The Basel-based pharmaceuticals have been
in touch with firms and research organisations located in the Boston area since the
1980s. Sandoz entered into a collaboration
agreement with biotech pioneer Genetics
Institute in 1982. The blood growth factor
Leucomax, the first recombinant drug introduced by Sandoz in 1991, was an outcome
of this early agreement. By entering into
collaboration with the Dana Farber Cancer
Institute, Sandoz significantly reinforced its
activities in oncology. Collaborations with
Procept and Biotransplant starting in 1993
emphasised Sandoz’s ambitions in transplant medicine. Novartis continued the early
activities of Sandoz mainly in the fields of
immunology and transplant medicine. In May
2000, Novartis entered into a strategic alliance
with Vertex Pharmaceuticals. This $800 million discovery agreement implied an intensive
knowledge transfer in the field of protein
kinases (Zeller, 2002). Hoffmann-La Roche
was more oriented towards the San Francisco
Bay area, establishing a close strategic alliance
with Genentech in 1989 and acquiring Syntex
in 1994. Nevertheless, it increasingly became
active in the Boston area, entering into collaborations with Millenium Pharmaceuticals
in 1994, LeukoSite in 1996, ArQule in 1996
and 2004 and other companies (Zeller, 2003).

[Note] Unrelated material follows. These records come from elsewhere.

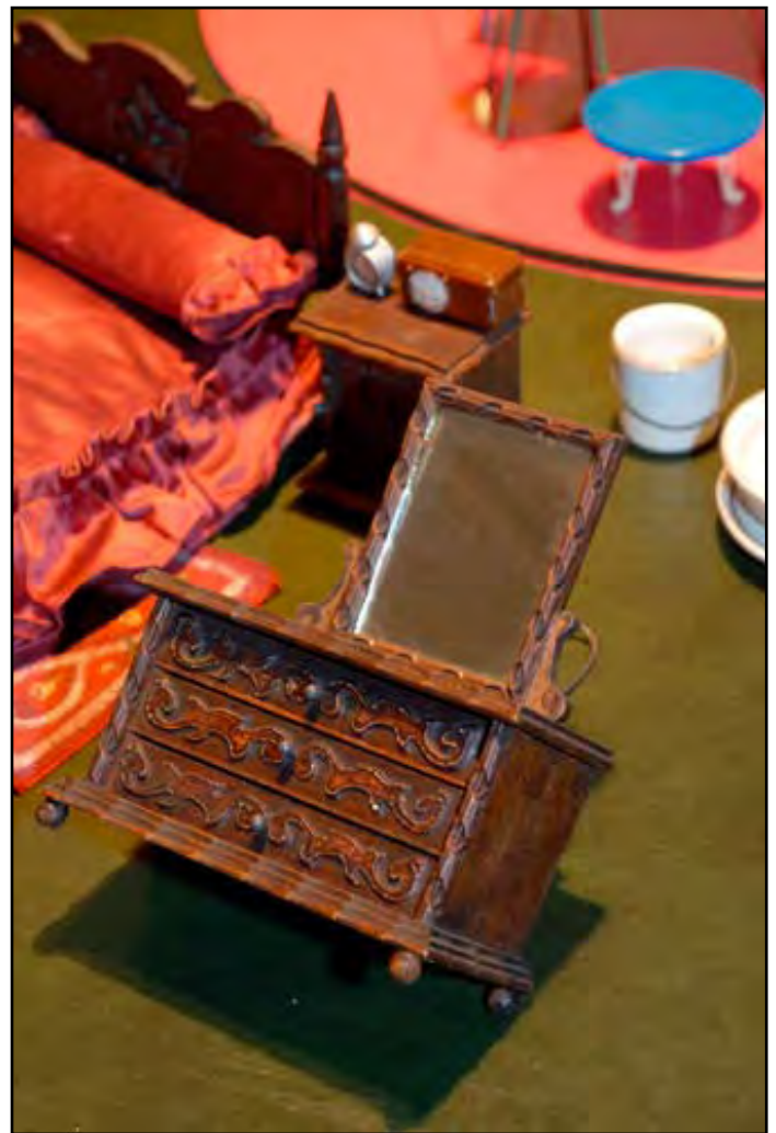
Muebles para muñecas
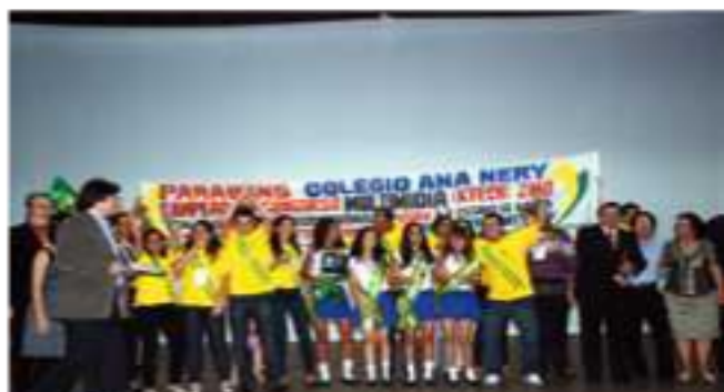
Colégio Ana Nery, de Itapicuri (BA) sagrou-se campeão do Ensino Fundamental II.

No período da tarde foi a vez de conhecer os ganhadores do IV Concurso Internacional Visual Class para alunos do Ensino Fundamental II. O primeiro lugar ficou com o Colégio Ana Nery, de Itapicuru (BA); seguido do Colégio Cotiguara de Presidente Prudente (2º) e Escola Santa Rita de Itatiba (SP) - 3º.
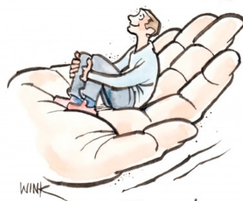
Getekend door: Willem de Vink

Onze eerste roeping is om van God te houden en een kind van Hem te zijn. Dat is een keuze: je bent vrij om 'ja' of 'nee' tegen Hem te zeggen. God houdt van jou en hoopt dat jij 'ja' zegt: ik wil Uw kind zijn!
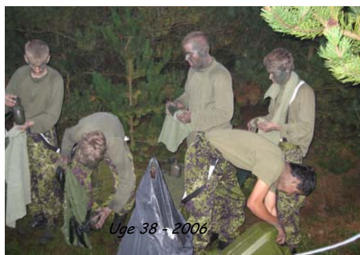
Uge 38 - 2006

De var også hårde imod os, men på den rigtige måde. Vi skulle jo også mærke, hvad det vil sige at være soldat. De fortalte også meget om strukturen indenfor Forsvaret/Hæren. Alt i alt en vild spændende uge, der gav os en idé om soldater livet.
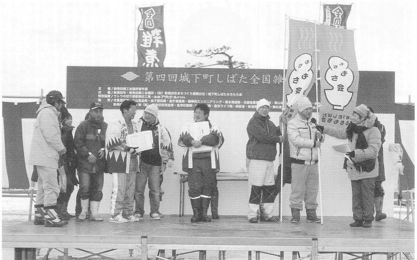
第四代征夷大將軍(優勝)のインタビューを受ける城下町しばたもちもち会の高澤会長
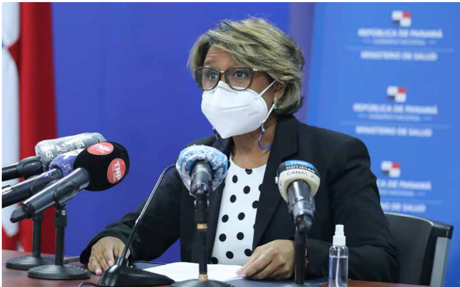
Ivette Berrío, viceministra de Salud.
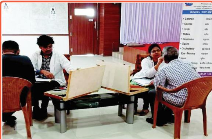
ତା ୨୧.୧.୨୩ରେ ନୀଳାଦ୍ରି ଭଙ୍ଗନିବାସ ଠାରେ ଶ୍ରୀମନ୍ଦିର ପ୍ରଶାସନ ତରଫରୁ ଆୟୋଜିତ ନିଃଶୁଳ୍କ 'ଚକ୍ଷୁ ପରୀକ୍ଷା ଶିବିର'
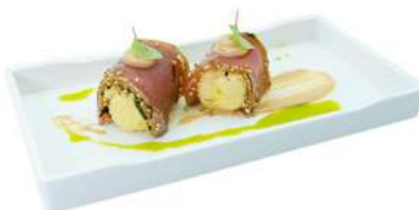
Z5 Tataki tuna 4pz patata avvolta nel tataki tonno e salsa tokarashi (1) (4) €6.00
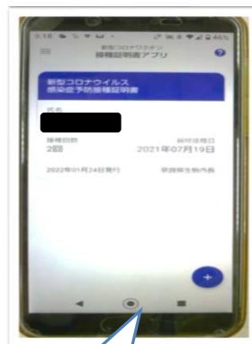
③スマホの電子接種証明書の提示

受講手続き時に、ワクチン接種証明書など、ワクチン接種済であることが確認できるものをご提示ください。
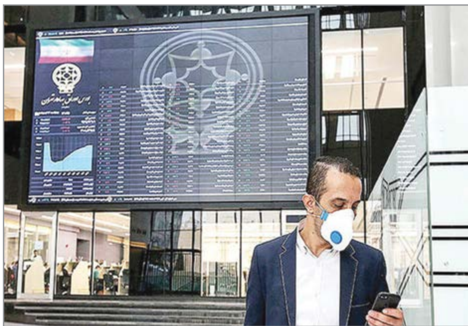
گروه بازرگانی هفته نامه نوسان

فعالان می گویند: دولت بازار را به مرگ می گیرد تا به تب راضی شود!
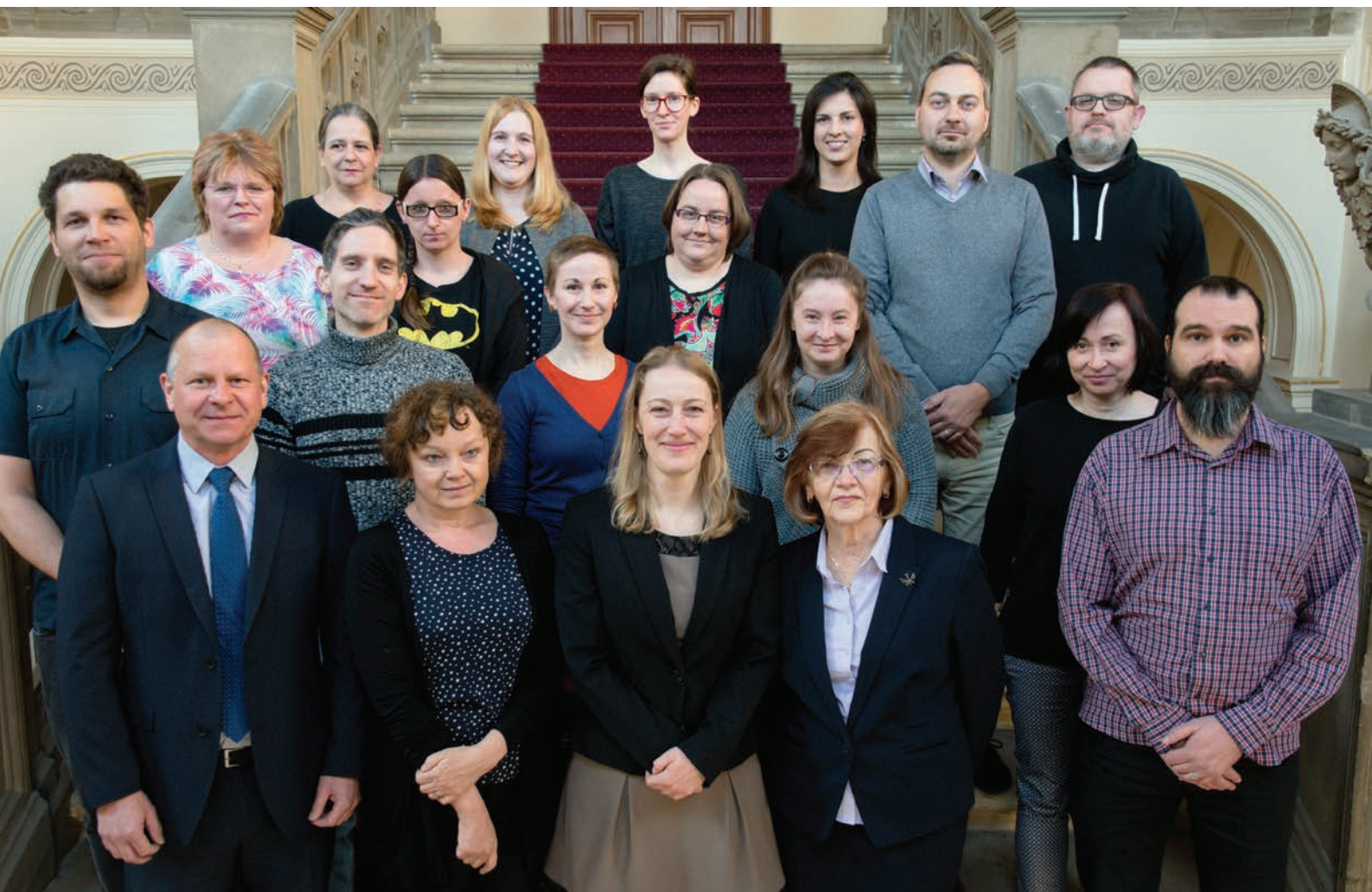
K 31. 12. 2018 Knihovna AV ČR zaměstnávala celkem 93 zaměstnanců. Na fotografii představujeme vedoucí odborů a oddělení KNAV. www.knav.cz/organizacni-struktura
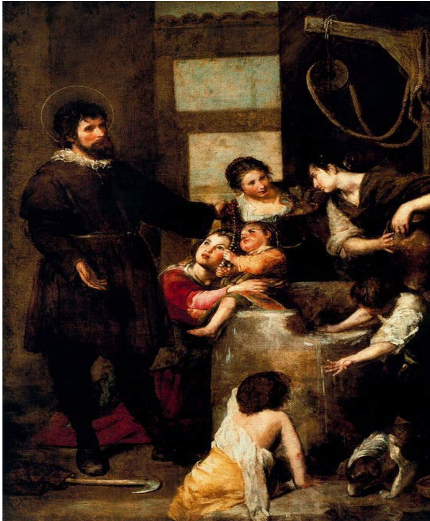
El milagro del pozo. 1638. Museo del Prado

La obra se resuelve a base de tonos cálidos y mediante una factura libre y desecha. Maestría narrativa: hay variedad sin que exista dispersión. Tipos humanos y detalles de gran belleza
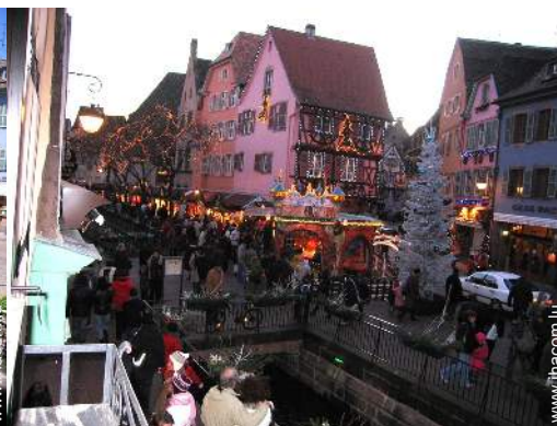
vue sur la place
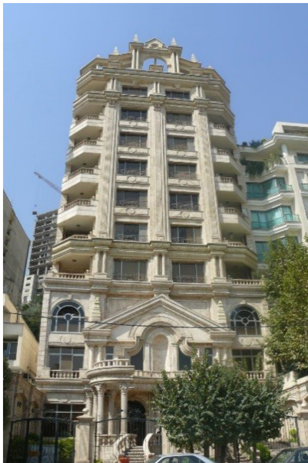
تصویر ۵. مجتمع مسکونی در خیابان نیاوران تهران، نمونه‌ای از طراحی موسوم به کلاسیک.

شکل می‌دهند و دسته دیگر که تمایلی در پیوند خود از طریق سلیقه به مد را در دستور کار ندارند، بنابراین نسبت سلیقه و مد در معماری به میزان تمایل افراد در تعلق یافتن به لایه‌های اجتماعی و کسب تمایز و تشخیص فردی، بستگی دارد (تصویر ۵ و ۶).
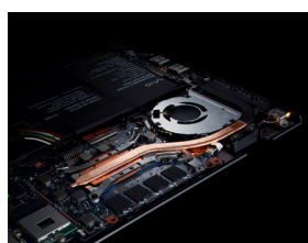
VAIO SX12・VAIO SX14 (2019 年モデル)
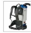
Shoulder straps + accessory
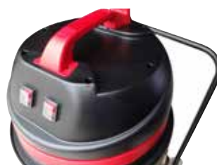
Manevrarea ușoară datorită mânerului ergonomic cu cârlig pentru cablu, două butoane separate cu funcții de pornire / oprire
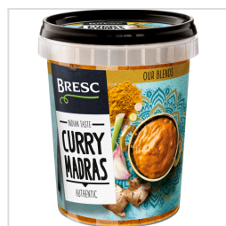
Bresc Madras 450g
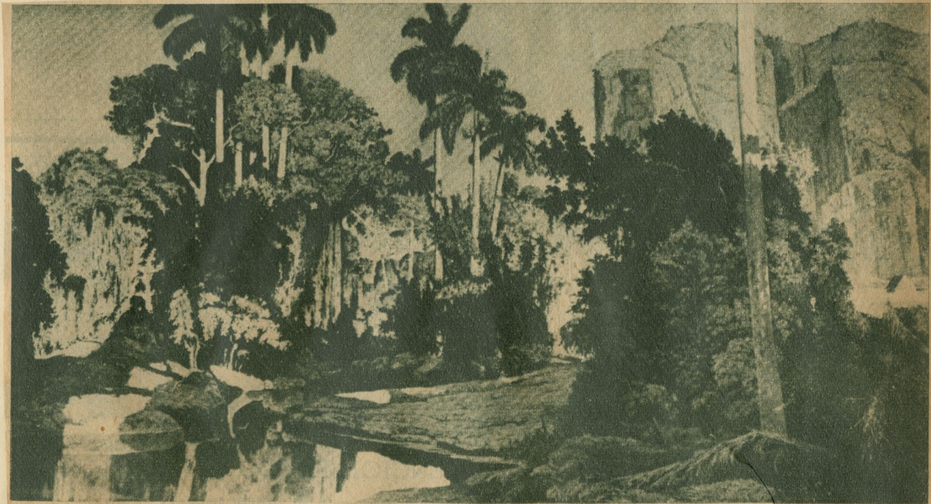
Domingo Ramos: "Paisaje cubano de Viñales".
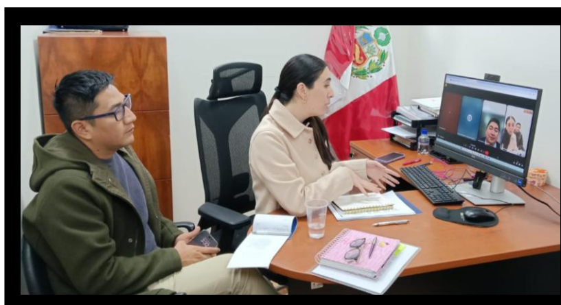
Imagen: Exposición de información sobre la Red Andina de Universidades y el Parlamento Andino Universitario (27.06.2025)

Por otro lado, mi equipo de asesores le informó también sobre el Parlamento Andino Universitario, modelo de participación juvenil impulsado desde 2014 en más de 60 universidades de la región. Esta iniciativa busca formar a jóvenes en liderazgo político, compromiso democrático e integración regional, replicando la estructura y funcionamiento del Parlamento Andino. Los estudiantes participan en cursos virtuales, eventos internacionales, formulación de propuestas legislativas, pasantías, becas y concursos académicos.
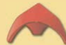
Walmkappe 3er B
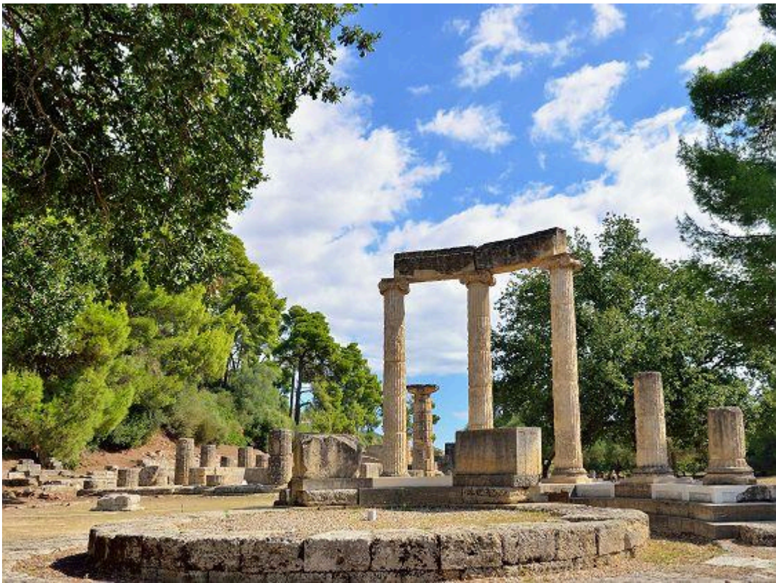
Autel, dans le site archéologique d'Olympie.
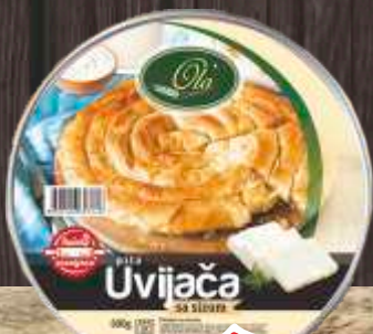
SMRZNUTI BUREK SA SIROM 600G UVIJAČA MOD COMMERCE
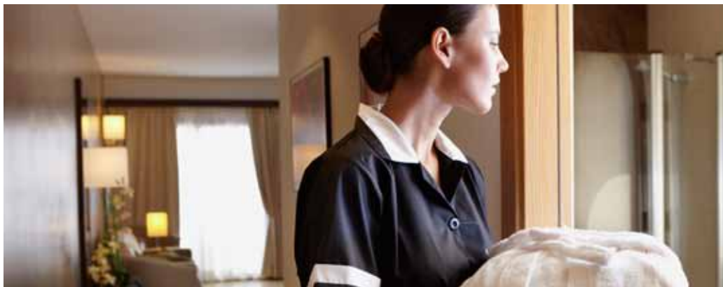
► Una filosofia del servizio dedicata esclusivamente agli hotel
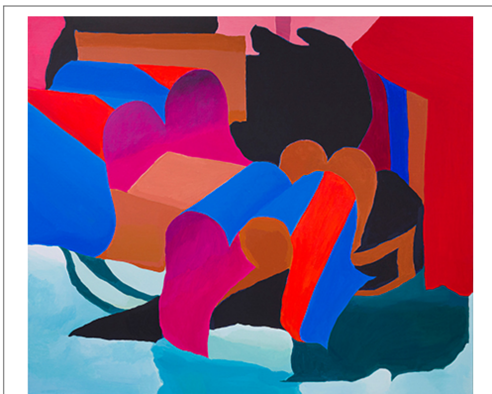
<Q&A 亞洲 藝術 博覽>, 藝術家 作品, 130.3×112.2cm, 2019

2019年，藝術家在台北舉辦了個人首展，展出作品包括《Q&A》、《SeMA》、《OCI》、《Circle to Oval》等。此外，她的作品還曾在多個國際藝術博覽會上展出，包括2018年的「2018 Art4Asia」和「2018 Asia Art Week」。她的藝術風格獨特，色彩鮮艷，充滿了強烈的視覺衝擊力。
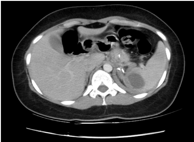
Figura 3. Absceso esplénico en el polo superior
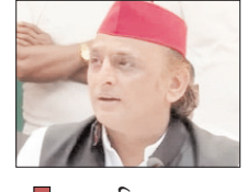
कहा: महिला आरक्षण को उत्तर प्रदेश के 2027 विधानसभा चुनाव में लागू किया जाए

शाह टाइम्स ब्यूरो लखनऊ। समाजवादी पार्टी अध्यक्ष अखिलेश यादव ने महिला आरक्षण को लेकर भाजपा सरकार पर निशाना साधते हुए मंगलवार को कहा कि पीडीए (पिछड़ा, दलित, अल्पसंख्यक) की स्पष्ट मांग है कि संसद में पारित महिला आरक्षण को उत्तर प्रदेश के 2027 विधानसभा चुनाव में लागू करने की तत्काल घोषणा की जाए। यादव ने कहा कि यह विधेयक समस्त विपक्ष के सहयोग से पारित हुआ है, ऐसे में अब भाजपा सरकार को अपनी मंशा स्पष्ट करनी चाहिए। यदि सरकार इस पर घोषणा नहीं करती है, तो उसे यह भी स्पष्ट करना चाहिए कि क्या भाजपा और
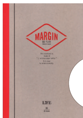
N701 MARGIN B5 無地

価格: 本体価格 1,100 円+ 税 単位: 5冊 サイズ: B5判 内容: マージン罫のみ 80枚
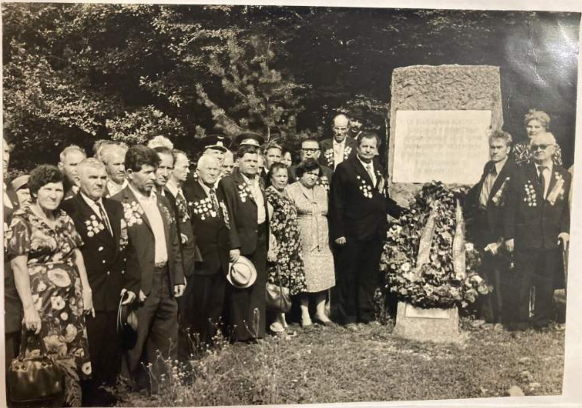
Возложение венков к памятнику.
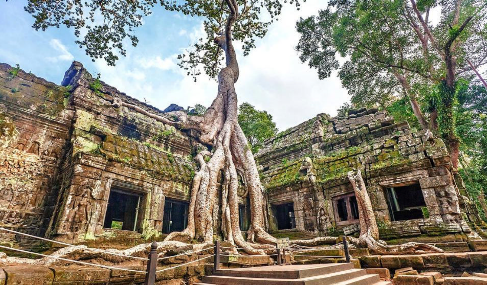
Wat Ta Prohm i Angkor Wat, Kambodsja

uberørte strender i fantastiske naturomgivelser blant de mer enn 400 øyene i området. Her kan du padle kajakk, svømme og bade i det smaragdgrønne, klare vannet. Tilbake på båten venter en liten smak av den lokale likøren kjent som 'Ba Kich Liquor'. Fra båten venter nå en solnedgang av det flammende slaget som området også er kjent for.
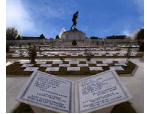
BÜYÜK TAARRUZ ŞEHİTLİĞİ / SİNANPAŞA
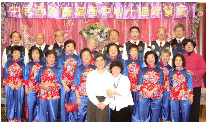
二零零七年大合照
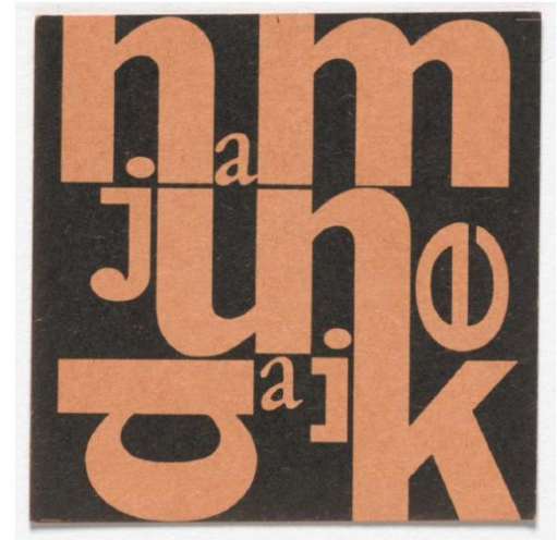
naamkaart Nam Jung Paik
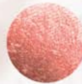
ВКУСНАЯ ПАПАЙЯ FM | r003
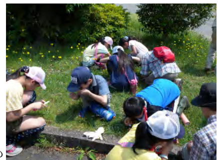
ルーペで花を観察中

〔子どもたちは、毎回、畑の作業や自然観察、自然のものでの工作などを行います。〕 〔スクールで学んだことなどを、ご家庭でも聞いてください。大人も参考になります。〕

The most significant boost for the Boston
area’s biotechnology industry and far-reaching change for Novartis’ research organisation
were triggered by Novartis’ announcement
on 6 May 2002 that it would establish a big
research centre in Cambridge just adjacent
to MIT. Novartis leased laboratory facilities
from MIT and additionally reshuffled an old
candy factory. In a first step, Novartis invested
$250 million and announced it would spend
up to $4 billion within the next 10 years to
operate the new research centre. The new
Novartis Institute for Biomedical Research
(NIBR) began its operations in July 2003.
Novartis recruited an award-winning academic to lead the institute: Mark Fishman,
formerly chief of cardiology and director
of cardiovascular research at Massachusetts
General Hospital. Fishman’s nomination was
a conscious step to improve the recruitment
of good research unit heads, scientists and
technicians (Krasner, 2002; MIT News, 2002;
Novartis, 2002). The Financial Times quoted
Novartis CEO Vasella: “We concluded that the
biggest pool of untapped top scientists and
hospitals was in the Boston area” (Griffith,
2002). Novartis also chose Cambridge because
it expected better chances there to rejuvenate
its research culture, compared with a traditional pharmaceutical location. Novartis’
reorganisation of its research organisation
and its taking on an academic cardiologist
without business experience to set its future
research priorities reflect the fundamental
challenges of the innovation deficit faced by
the pharmaceutical industry (Whalen, 2005).
The effects on the internal research organisation were far-reaching. Fishman became the
global head of its pharmaceutical research
organisation regrouped in the NIBR and even
a member of Novartis’ executive committee.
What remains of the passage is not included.